• LISTED ENTRIES
==========
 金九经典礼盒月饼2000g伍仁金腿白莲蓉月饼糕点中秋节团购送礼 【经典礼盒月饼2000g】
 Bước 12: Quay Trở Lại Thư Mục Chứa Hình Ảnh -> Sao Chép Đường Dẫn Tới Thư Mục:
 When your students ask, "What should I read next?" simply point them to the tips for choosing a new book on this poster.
==========
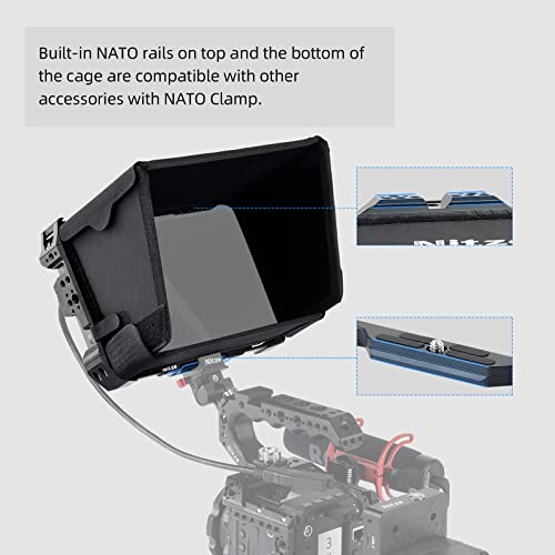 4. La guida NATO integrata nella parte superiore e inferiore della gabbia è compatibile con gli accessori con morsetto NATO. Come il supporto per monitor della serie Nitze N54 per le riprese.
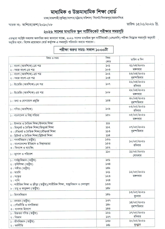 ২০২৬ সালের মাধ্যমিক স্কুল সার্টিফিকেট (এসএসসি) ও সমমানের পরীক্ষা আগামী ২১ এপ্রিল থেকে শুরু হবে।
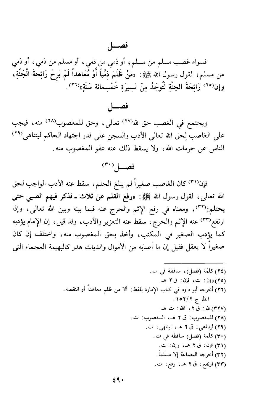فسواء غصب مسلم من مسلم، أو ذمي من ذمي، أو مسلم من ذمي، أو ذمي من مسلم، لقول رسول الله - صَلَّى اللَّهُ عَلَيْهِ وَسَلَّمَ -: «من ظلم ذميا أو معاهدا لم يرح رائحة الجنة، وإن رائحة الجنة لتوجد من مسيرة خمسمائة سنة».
==========
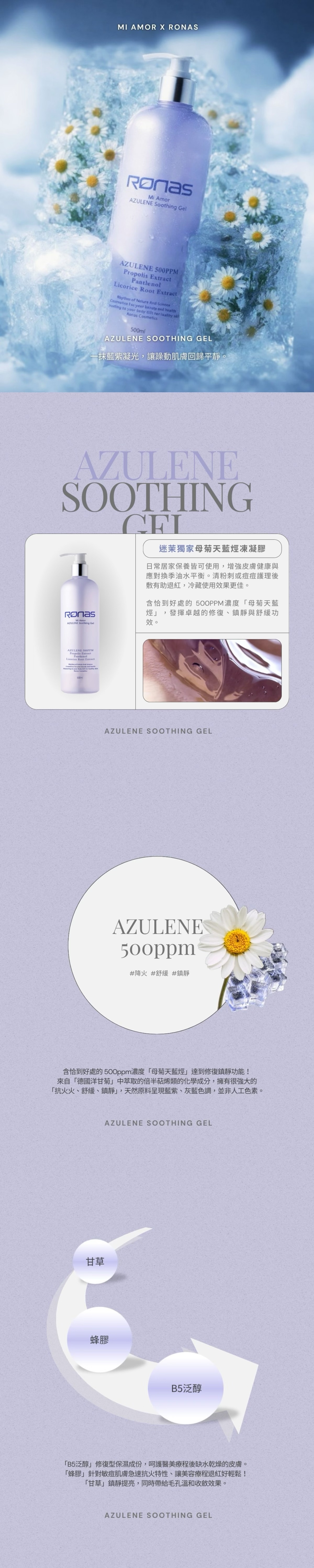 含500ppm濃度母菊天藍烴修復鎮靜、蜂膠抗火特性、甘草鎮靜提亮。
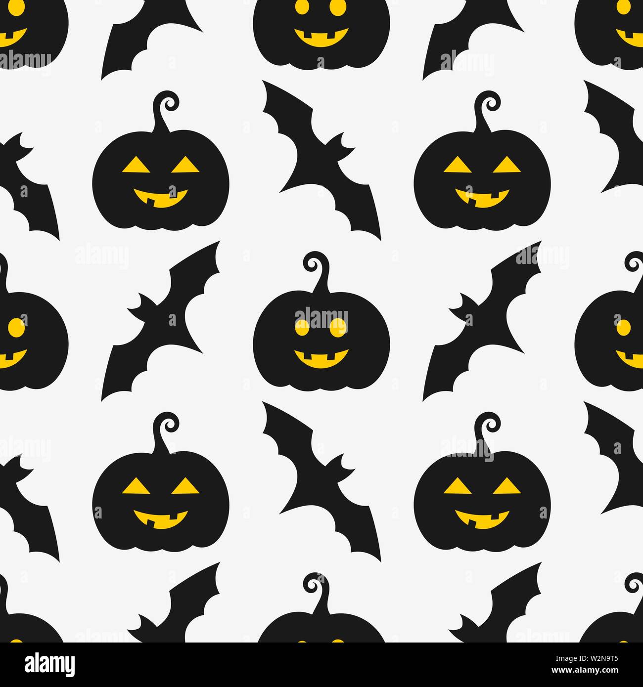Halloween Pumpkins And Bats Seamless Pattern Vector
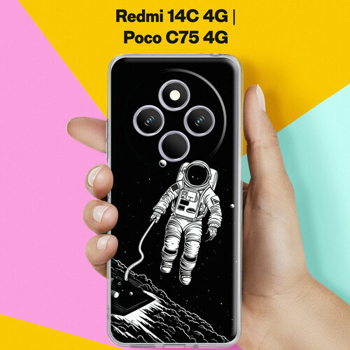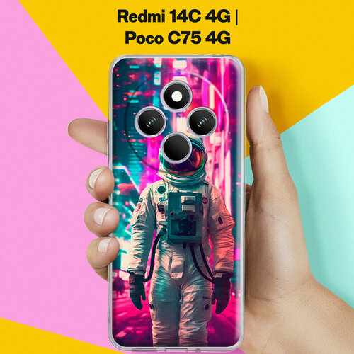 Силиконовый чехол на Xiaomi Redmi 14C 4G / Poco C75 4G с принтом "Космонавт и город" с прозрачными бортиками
==========
• REQUIREMENT
Although the records above contain pictures, the copy should not; retype exactly the lines from the one containing "Halloween Pumpkins And" through the one containing "Силиконовый чехол на".

• WRITTEN REPLY
Halloween Pumpkins And Bats Seamless Pattern Vector
 Силиконовый чехол на Xiaomi Redmi 14C 4G / Poco C75 4G с принтом "Космонавт и город" с прозрачными бортиками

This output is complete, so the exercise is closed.